Zum einen hat es damit zu tun, dass Ärzte, die Menschen mit HIV oder Geschlechtskrankheiten behandeln dürfen, bestimmte Fortbildungen benötigen. „Die haben nicht viele“, weiß Jancura. Zum anderen scheint für viele Mediziner Aids weiterhin ein Thema zu sein, mit dem sie nichts zu tun haben wollen; so wird es zumindest den Mitarbeitern der Aidshilfe von den Klienten gemeldet. Wer ihnen hilft, werde gerne mal stigmatisiert.

„Gerade im medizinischen Bereich ist die Diskriminierung von HIV-Positiven leider immer noch da“, bedauert Jancura. Dabei ist ein Arzt, der diese Menschen versteht und für sie da ist, also ein Arzt wie Fuhrmann es war, geradezu lebensnotwendig für die meisten Klienten. Ihren Hausärzten vertrauen sich nämlich die wenigsten an, aus Furcht vor deren Reaktion.

Die Hoffnung ist nun, dass sich - möglichst kurzfristig - doch noch ein Mediziner findet, der sich den Betroffenen ab April annimmt. Ehrenamtliche stehen zwar parat und unterstützen weiterhin nach ihren Möglichkeiten, auf Dauer sei das jedoch keine Lösung, räumt Jancura ein und verweist alleine auf die medizinische Hilfe, die die Patienten brauchen. Das Blut sollte regelmäßig getestet werden, und natürlich braucht es Rezepte für ihre Medikamente.

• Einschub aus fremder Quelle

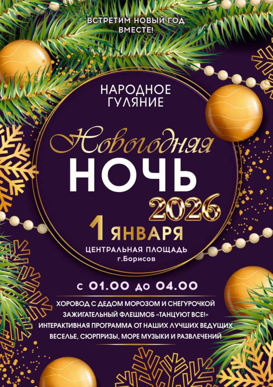 Праздничная программа в новогоднюю ночь на центральной площади Борисова 29.12.2025 Поделиться FacebookTelegramVK Общество Популярное «Спортивный переполох» снова объединил молодых специалистов Борисовщины Криминальный дуэт: в Борисовском районе отчим с пасынком обворовывали дома соседей 12-13 июля на Кургане Славы продолжится V сезон выставок 1 апреля состоится прямая линия по вопросам несвоевременной выплаты заработной платы 85 лет добрых традиций. Борисовская детская музыкальная школа искусств отметила юбилей 10-й клуб в карьере Александра Павловца О чем говорили с учащимися Борисовского кадетского училища на встрече В новогоднюю ночь борисовчан и гостей города ждет праздничная программа у главной елки города. Фото из архива «Адзінства» Поделиться FacebookTelegramVK - Advertisement - Последние новости Завтра в д. Углы будет отсутствовать водоснабжение 29.12.2025 Борисовчанину вручили благодарность за помощь милиции 29.12.2025 Как на Новый год будет работать общественный транспорт на Борисовщине 29.12.2025 Как вырастут зарплаты в бюджетной сфере и пенсии в 2026 году, рассказали в Минтруда 29.12.2025 Мошенничество через мессенджеры: три уголовных дела заведено в Борисове за одни сутки 29.12.2025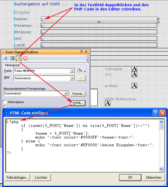 Ich habe ein Textfeld für jedes Eingabe-Feld aufgezogen und dort in den Code-Editor (siehe Bild unten) folgenden PHP-Code eingetragen, der mit einer IF-Bedingung überprüft, ob überhaupt eine Eingabe stattgefunden hatte.
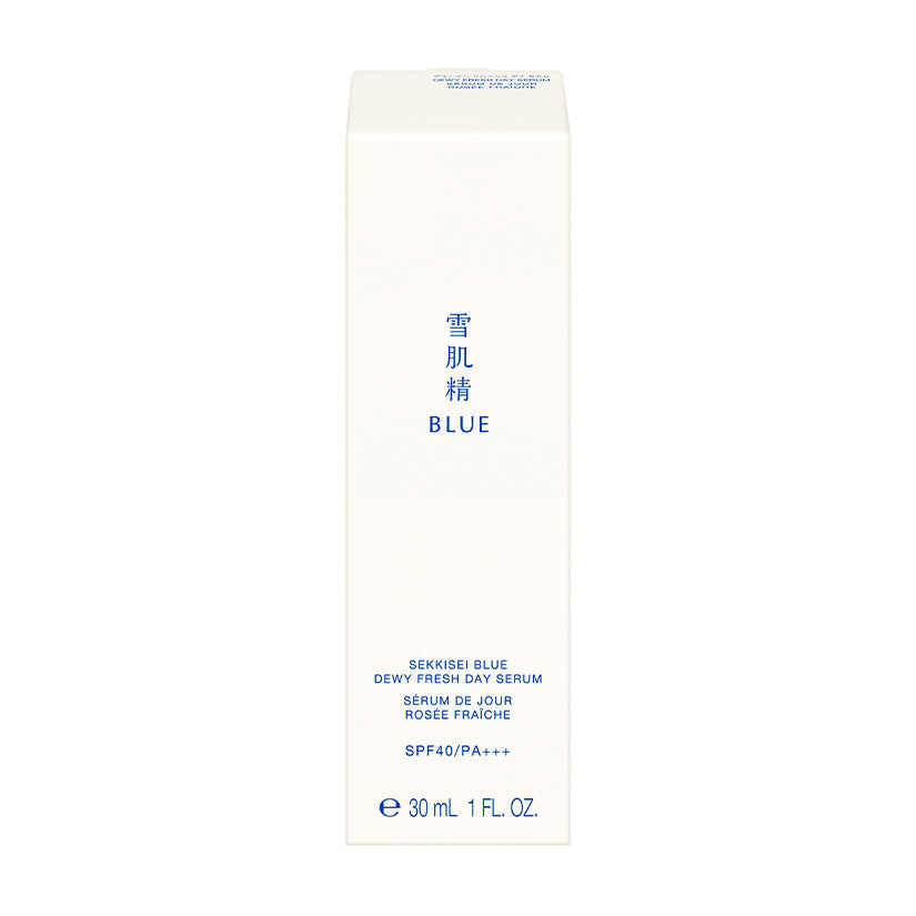 Awaken your skin with overflowing freshness and luminous vitality. SEKKISEI BLUE Dewy Fresh Day Serum is a multi-functional daytime serum with SPF protection, developed with an Eastern botanical philosophy. It not only shields skin from UV rays but also addresses daytime dullness, dryness, environmental stress, and loss of firmness.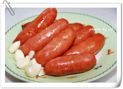 今天中午本來只有吃肉燥麵,想到冰箱上層有一盒香腸,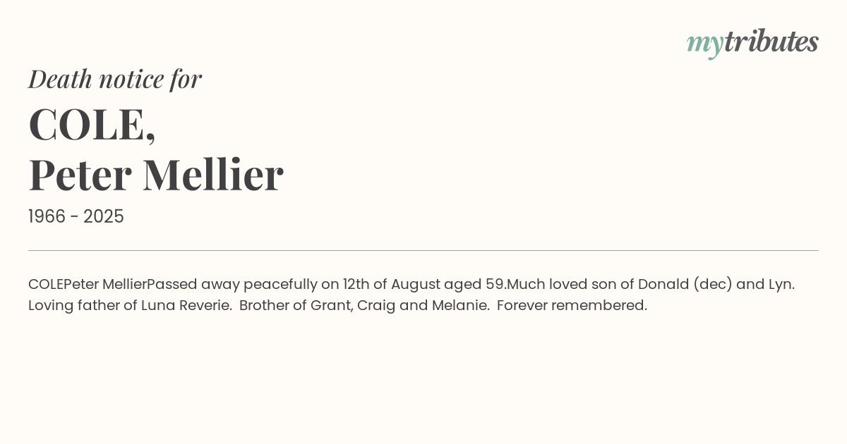 Loving father of Luna Reverie. Brother of Grant, Craig and Melanie.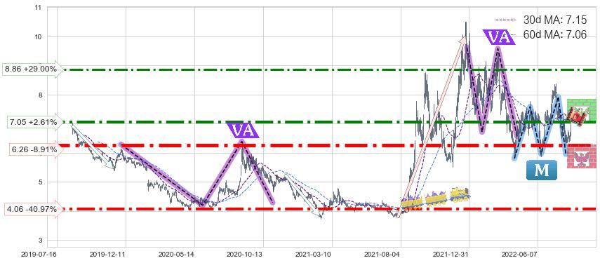 ♘ 阻力价格位7.05,可信任强度81.41%,距离最后交易2022-08-12形成的收盘价格6.87相差 +2.61%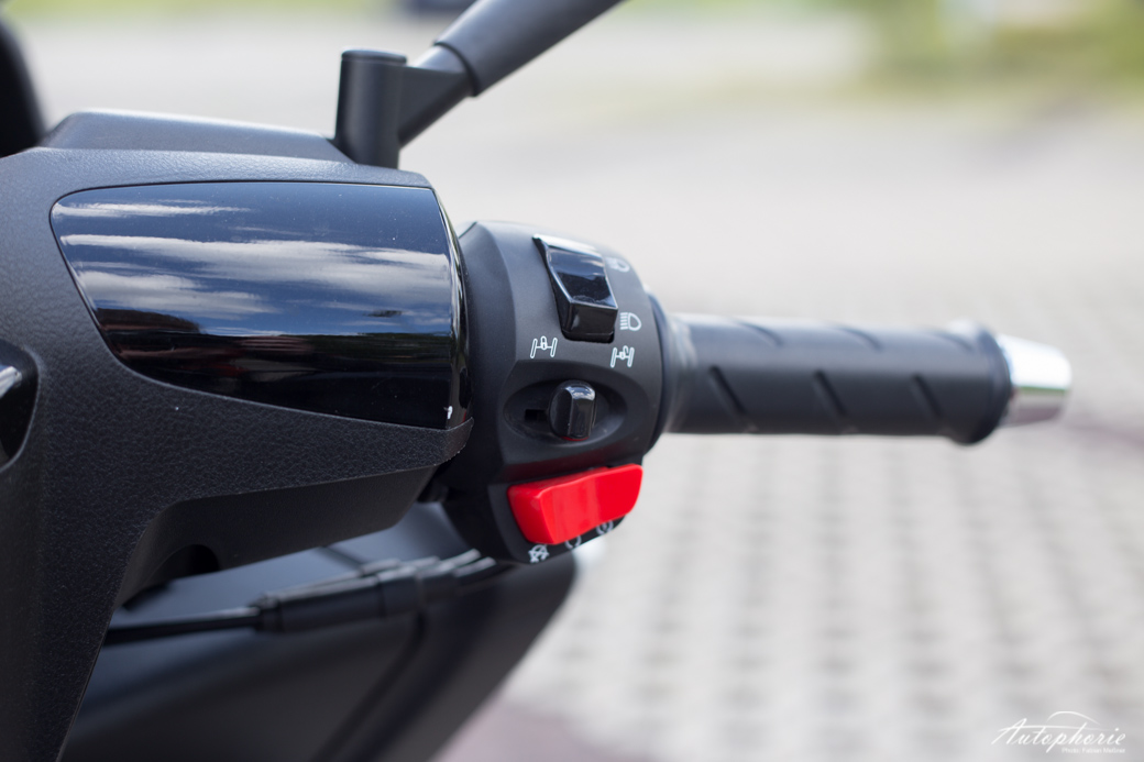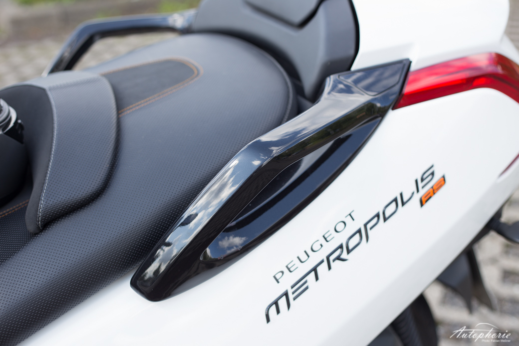 Im RS-Dress lässt er sogar mich dabei noch gutaussehen. Sportlicher als der gewöhnliche Metropolis ist er nicht, doch wie wir aktuell auch von den Autoherstellern erfahren, über die Optik geht doch einiges. Für nur 100 Euro mehr gibt es orange-farbene Highlights (Nähte), eine weiße oder titan-farbene Lackierung der oberen Karosserieteile. Das Trittbrett bleibt schwarz und die unschöne Plastikabdeckung auf dem Endtopf fällt auch weg.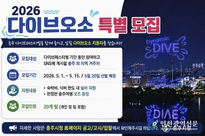 [인천광역신문] 최예준 기자 | 충주시가 ‘2026 충주 다이브 페스티벌 with MyK FESTA’을 맞아 지역 관광의 매력을 널리 알릴 특별 홍보단 ‘다이브 오소(O-SO) 충주’ 참여자를 모집한다고 밝혔다.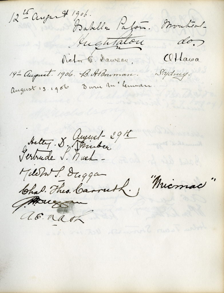 Other notable pages in the guestbook include Isabel's wedding (page 106), the tragic death of Louise McLennan in 1912 (page 109), Margaret's wedding to future Lieutenant-Governor, Dr. Henry Ernest Kendall (page 113), the deaths of both son Hugh and J.S.'s brother Bart in battle during World War I (page 126). J.S. McLennan's death is noted in an elegant tribute written by Katharine on page 162.
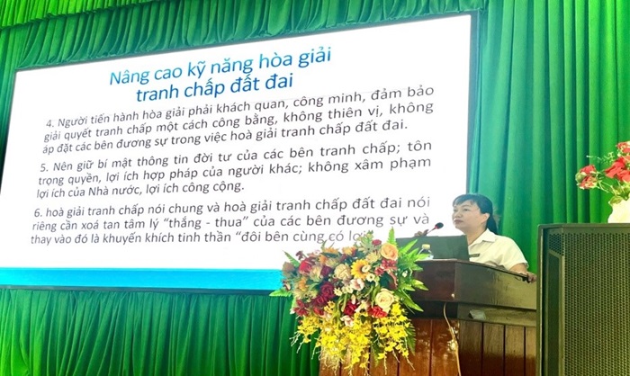 Trong khuôn khổ Hội nghị, các đại biểu cũng được nghe bà Nguyễn Thị Mai Thanh Ngọc –Trưởng phòng Tư pháp, báo cáo viên pháp luật thành phố trao đổi, giải đáp một số vướng mắc trong hoạt động hòa giải ở cơ sở, xử lý tình huống phát sinh liên quan lĩnh vực đất đai, xây dựng và bảo vệ môi trường…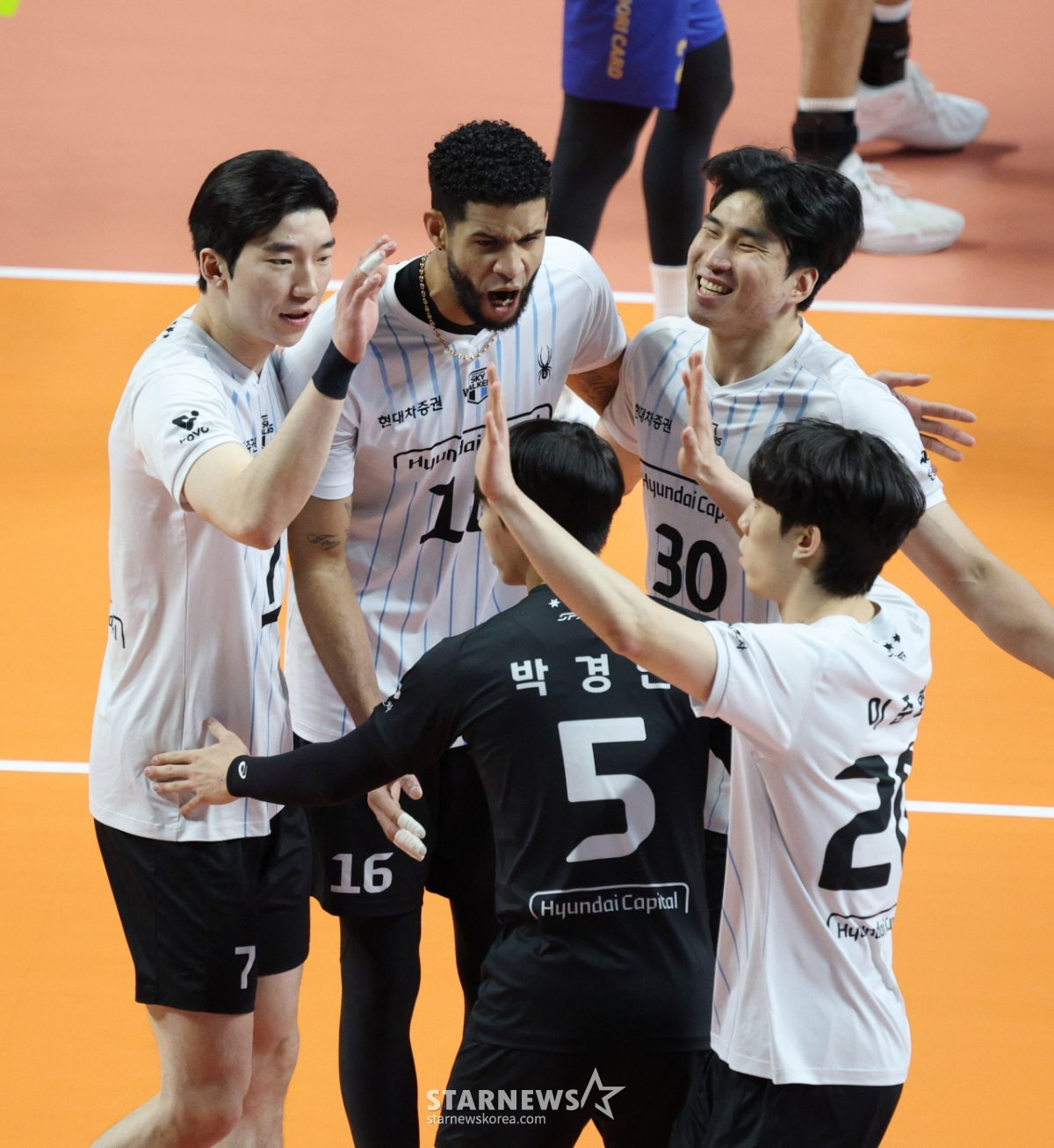 스포츠일반[포토] 레오-허수봉 '1세트 이겼다'발행 : 2025.11.26 ・ 19:48장충=김진경 대기자2025-2026 V-리그 남자부 우리카드 대 현대캐피탈 경기가 26일 서울 장충체육관에서 열렸다.현대캐피탈 레오가 결정적인 공격에 성공한 후 동료들과 기뻐하고 있다.<저작권자 © 스타뉴스, 무단전재 및 재배포 금지>프로배구V리그우리카드현대캐피탈아라우조알리추천 기사김진경 대기자기자홈좋아요 스포츠-일반의 인기 급상승 뉴스스포츠-일반의 최신 뉴스

Ärzte könnten einmal im Monat nach Pforzheim kommen

Diese medizinische Betreuung hat Ralf Fuhrmann bis zu seinem Tod übernommen. Als Option wäre womöglich, dass sich Ärzte aus anderen Regionen melden, die einmal im Monat nach Pforzheim kommen, doch ob das realistisch ist, das bezweifelt Jancura. „Ich glaube eher weniger, dass das jemand machen wird.“

Auch deshalb wäre jetzt eigentlich die kassenärztliche Vereinigung gefragt, bemerkt Fuhrmann-Piontek. Doch inwieweit diese überhaupt aktiv wird, das sei ebenfalls ungewiss. „Die wissen ja, dass mein Mann der einzige in der Region war“, insofern wäre es „schon wünschenswert, dass die sich was ausdenken“, betont der Vorsitzende. Zumal nicht nur Menschen aus Pforzheim und dem Enzkreis hier Hilfe suchten; viele kamen auch aus dem Landkreis Calw. Auch deshalb findet es Jancura „schwierig, dass eine Stadt wie Pforzheim keinen Schwerpunkt mehr haben wird.“

Es sei denn eben, es findet sich doch noch jemand, der helfen will. Die Aidshilfe Pforzheim wird jedenfalls alles dafür tun, dass diese „mission impossible“ gelingt.